3dc - A 3D File Format Converter
With Kwartzlab's recent 3D printer aquisition, we needed to put together a set of tools for members to create objects that could be printed by the machine. The RepRap printer we purchased has an associated open source project for loading standard 3D object files, called stereolithography (STL) files, and converting them to the printer's machine language, called G-code.
Unfortunately, there was a potential show-stopper issue with the RepRap software - many of the STL files we tried to load, like this 3D version of the Kwartzlab logo I made, were getting corrupted.
Suspecting there was an error with the way the software was parsing the STL files, I decided to write my own translation program to use as a reference when fixing the bug in the RepRap code.
The bulk of the work was done at a late-night hackathon session put on by the Computer Science Club at the University of Waterloo. By the end of the weekend, I had a program that was able to read and write ASCII and binary STL files. This code is now available on my GitHub page.
I ran the "corrupt" file through my translator program...
$ 3dc stl kwartzlab.stl stlb kwartzlab-bin.stl
... and found that the RepRap software was now able to correctly read the file.
With STL processing now working properly, I'd like to continue working on this 3D conversion tool. My next goal is to add a few more codecs for different file formats, such as OBJ (a versatile format often seen in simple 3D software), and X3D (a next generation format for web-based 3D applications).

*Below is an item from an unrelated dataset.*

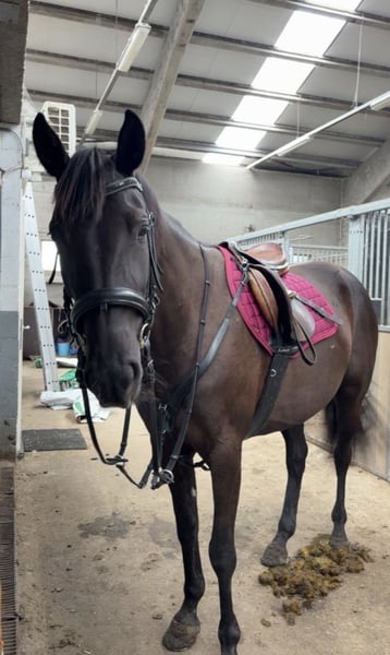Hier ist J’adore, eine äußerst brave 6-jährige Stute. Ich habe sie vollständig selbst ausgebildet, was sehr unkompliziert verlief. Sie ist ein äußerst angenehmes Freizeitpferd und die Grunddressur beherrscht sie ebenfalls. Sie kennt Schritt, Trab, Galopp und läuft auch schon schön nachlässig. Ob alleine oder in der Gruppe, beide Varianten sind auf belebten Wegen problemlos möglich. Auch zügelloses Reiten im Gelände oder auf der Bahn ist für sie perfekt – ich bin schon ohne Sattel und bitless geritten! Sie ist sehr kinderlieb und sozial im Umgang. Sie ist es gewohnt, rund um die Uhr draußen zu stehen, mit einem Unterstand in einer großen Herde, und zeigt gegenüber den anderen Pferden keinerlei Dominanz. Beim Freispringen hat sie bereits etwa 105 cm überwunden. Kurz gesagt, ein ideales Freizeitpferd, um gemeinsam zu wachsen und entspannte Ausritte zu genießen. Hast du Interesse an dieser wunderschönen Stute? Dann schicke mir unbedingt eine Privatnachricht für weitere Infos.

I'm also interested in building codecs for some more unique formats like Activision Blizzard's M3 format seen in Starcraft 2. This would give us the ability to create STL files directly from in-game assets, which could be milled or printed from any of Kwartzlab's CNC tools.
Another interesting application for me would be the generation of G-code - the actual instructions that get sent to the CNC machine. This would be a challenge, since each CNC machine has its own quirks, so G-code that works on one machine may not work on another. However, I suspect there are some kinds of toolpath optimizations that could apply to all machines, much in the same way that the GNU Compiler Collection can optimize a program before converting it to machine code.